# Backup rifle



## Horsager (Aug 31, 2006)

Another topic mentioned hard to find factory ammo, lost ammo, etc leading to the possibility of potentially having to travel to find factory ammo should yours be lost, misplaced, or for some reason you run out. My response to such an event would be to just use another rifle. If I leave for anything more than a day trip I bring a spare rifle and/or shotgun as well. I've never had the lost ammo problem, but my dad had a major issue with a rifle quite a few years ago. We were deer hunting on a day with freezing rain. We were getting out of the truck to go and push a slough because the rain had stopped. 5-6 steps out of the truck my dad slipped and fell right on his backside. His rifle was slung and hit the ground about the same time as him. The wood stock broke right through the pistol grip/rear action screw portion. It broke completely, two peices. That was about the end of the day so we headed in to where we were staying and dad switched to his backup rifle. Bruised pride, broken stock, but not a ruined hunt. There are many accidents/incidents that could happen causing a hunter to have to either head to the gunsmith, borrow somone elses rifle after they've finished, head to town for more shells, etc. In my opinion those are problems you fix after the hunt, during the hunt you go to your backup rifle and keep after your quarry.


----------



## zogman (Mar 20, 2002)

When I used to hunt deer like a man without a life anywhere, everywhere and as many days possible I always had a second/backup rifle along. 95% of the time they were both the same caliber. Both 270's. Came in handy a few times. :sniper:


----------



## clampdaddy (Aug 9, 2006)

Anybody that doesn't take along an extra rifle will one day find himself waiting for a buddy to shoot a deer so he can borrow that buddies rifle.

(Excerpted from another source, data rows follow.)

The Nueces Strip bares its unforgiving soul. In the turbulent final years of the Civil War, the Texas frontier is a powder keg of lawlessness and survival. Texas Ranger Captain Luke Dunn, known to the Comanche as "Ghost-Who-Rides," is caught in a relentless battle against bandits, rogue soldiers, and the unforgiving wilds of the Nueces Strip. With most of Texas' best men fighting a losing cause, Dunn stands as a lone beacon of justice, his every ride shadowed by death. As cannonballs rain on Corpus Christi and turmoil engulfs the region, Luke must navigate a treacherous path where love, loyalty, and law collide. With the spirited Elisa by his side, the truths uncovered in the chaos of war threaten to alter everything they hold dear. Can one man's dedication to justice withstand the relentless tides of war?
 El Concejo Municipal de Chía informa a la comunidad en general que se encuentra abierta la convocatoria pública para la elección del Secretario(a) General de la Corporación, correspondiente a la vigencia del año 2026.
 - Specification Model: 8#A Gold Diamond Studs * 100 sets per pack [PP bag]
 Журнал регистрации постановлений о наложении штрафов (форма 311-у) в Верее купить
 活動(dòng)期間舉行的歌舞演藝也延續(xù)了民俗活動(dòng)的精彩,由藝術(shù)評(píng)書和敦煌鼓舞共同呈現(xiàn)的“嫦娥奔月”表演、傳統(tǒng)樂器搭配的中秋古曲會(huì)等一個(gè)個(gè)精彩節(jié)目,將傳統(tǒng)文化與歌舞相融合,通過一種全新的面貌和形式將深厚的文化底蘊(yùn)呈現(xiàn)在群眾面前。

My spare always wears a set of iron sights (my main rifle useually wears a scope but my spares must have iron sights because I trust them to stay put more than any scope) and for my 81 woodsmaster in 300 savage or my 7400 carbine in 30-06 I ALWAYS keep ten rounds for each in my pickup toolbox at all times.


----------



## Alaskan Brown Bear Killer (Feb 22, 2005)

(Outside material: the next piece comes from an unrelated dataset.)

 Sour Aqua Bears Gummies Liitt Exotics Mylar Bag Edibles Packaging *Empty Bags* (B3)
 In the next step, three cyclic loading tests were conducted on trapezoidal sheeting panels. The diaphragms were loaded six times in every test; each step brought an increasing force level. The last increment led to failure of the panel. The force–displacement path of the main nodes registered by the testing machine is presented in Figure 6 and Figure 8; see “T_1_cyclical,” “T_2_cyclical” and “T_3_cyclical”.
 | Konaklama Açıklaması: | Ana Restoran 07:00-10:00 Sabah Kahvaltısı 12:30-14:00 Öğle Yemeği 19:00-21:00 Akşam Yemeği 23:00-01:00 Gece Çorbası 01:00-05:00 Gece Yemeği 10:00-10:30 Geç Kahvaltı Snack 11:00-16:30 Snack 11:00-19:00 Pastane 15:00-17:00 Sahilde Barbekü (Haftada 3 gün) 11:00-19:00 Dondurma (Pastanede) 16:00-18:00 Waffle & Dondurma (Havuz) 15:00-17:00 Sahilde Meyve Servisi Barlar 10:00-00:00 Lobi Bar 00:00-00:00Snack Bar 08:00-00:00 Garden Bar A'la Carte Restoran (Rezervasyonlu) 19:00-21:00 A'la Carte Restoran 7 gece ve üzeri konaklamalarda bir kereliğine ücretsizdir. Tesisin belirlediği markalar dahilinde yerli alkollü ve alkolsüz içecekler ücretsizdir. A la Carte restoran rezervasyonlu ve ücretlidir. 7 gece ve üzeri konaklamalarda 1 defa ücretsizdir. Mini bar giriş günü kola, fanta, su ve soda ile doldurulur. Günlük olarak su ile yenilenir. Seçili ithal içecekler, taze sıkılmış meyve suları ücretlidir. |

A backup rifle is essential especially when there is more than one hunter on the hunt.
I usually bring a 45-70 marlin guide gun for my backup rifle, I never had to use it but a couple of my budies did  . Anything from ATV rollovers to
"I forgot my bullets".

Back-up rifles are smart ideas :beer:


----------



## Plainsman (Jul 30, 2003)

I don't trust that darn Murphy. I normally have three or four rifles if I am more than 30 miles from home. I hardly ever go to the field with less than 100 rounds. I might be attacked by a pumpkin, old can, or clod of dirt closing fast at 300 yards. :sniper:


----------



## Bob Kellam (Apr 8, 2004)

I'm with Plainsman My extended cab truck becomes a one person vehicle during hunting season. I usually have the full spread with :lol:

Oh BTW my favorite backup is a 94 lever action 30-30 open sight, quick on target and it kills what it hits. Those killer dirt clumps can scare the heck out of ya :lol:

Bob


----------



## Horsager (Aug 31, 2006)

Plainsman, I am afflicted with that same, "I wonder if I can hit that?" syndrome. So far there is no cure for the ailment, it can however be treated with lots of ammo!


----------



## Burly1 (Sep 20, 2003)

I agree that's it's nice to have a backup....or two handy. However my resolve to carry one in the truck has been shaken. A friend had his pickup burglarized while parked at the entrance to a WMA. He lost two shotguns, a rifle and a handgun. I hunt rural areas, and frequently leave my truck for extended periods, in isolated regions. There's not much to stop a determined burglar from knocking out a window to gain access to my other guns while I am away. Consequently, I rarely carry more than I am willing to pack with me. It's a sad state of affairs, but even ND isn't as secure as it once was. I'll swear, thirty years ago, I would leave the truck parked at the side of a section line with the doors unlocked and never worry a bit. Not so now. Sorry that things have changed for the worse, Burl


----------



## Remington 7400 (Dec 14, 2005)

> I'm with Plainsman My extended cab truck becomes a one person vehicle during hunting season. I usually have the full spread with


 

If I really try I can fit a buddy in my truck, but the back seat and center console is "occupied" :wink: Pretty bad when 4 men go hunting and they must drive 4 trucks and pull 4 trailers to get all their gear 30 miles down the road.


----------



## hunt4P&amp;Y (Sep 23, 2004)

i am with you all on this topic. When I go out it is usually Mathews Switchback, Over and Under, pump. for pheasants or random things. My trusty 270WSM. and my back up rifle 338. mag. Just in case i need to make some noise. The boss is alittle loud. It works good on praire dogs. Just aim at the base of the mound and pull the trigger. Watch the dogs go flying.


----------



## landyn2003 (May 14, 2005)

Funny thing!! I've always hunted with a Remington 742. I liked the weight and stability of it. As it got older I purchased a 710 from a pawn shop for a backup. During a hunt two years ago the 742 gave it up. Had to use the 710. This year I purchased a new 7400. It (the 7400) is now my backup.


----------